Abstract
Catalysts are essential for mediating a controlled polymerization in atom transfer radical polymerization (ATRP). Copper-based catalysts are widely explored in ATRP and are highly efficient, leading to well-controlled polymerization of a variety of functional monomers. In addition to copper, iron-based complexes offer new opportunities in ATRP catalysis to develop environmentally friendly, less toxic, inexpensive, and abundant catalytic systems.
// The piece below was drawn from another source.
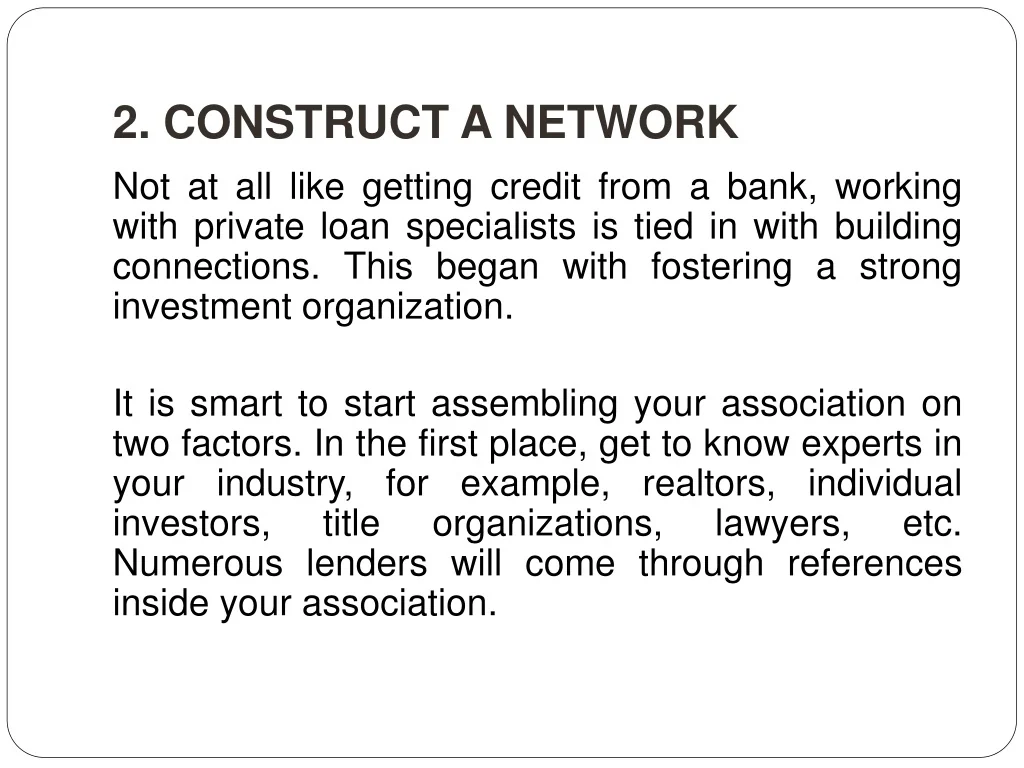 2. CONSTRUCT A NETWORK Not at all like getting credit from a bank, working with private loan specialists is tied in with building connections. This began with fostering a strong investment organization. It is smart to start assembling your association on two factors. In the first place, get to know experts in your industry, for example, realtors, individual investors, title organizations, lawyers, etc. Numerous lenders will come through references inside your association.

Despite the high efficiency of iron catalysts in controlling polymerization of various monomers including methacrylates and styrene, ATRP of acrylate-based monomers by iron catalysts still remains a challenge. In this paper, we review the fundamentals and recent advances of iron-catalyzed ATRP focusing on development of ligands, catalyst design, and techniques used for iron catalysis in ATRP.
Highlights
Reversible deactivation radical polymerization (RDRP) techniques have provided access to advanced polymers with precise control over molecular weight, dispersity, composition, and structure
Atom transfer radical polymerization (ATRP) employs, primarily, Cu-based catalysts to control the growth of polymer chains via a reversible redox process that involves transfer of halogen atoms to activate dormant species generating initiating radicals and to deactivate propagating chains [1,2,3,4]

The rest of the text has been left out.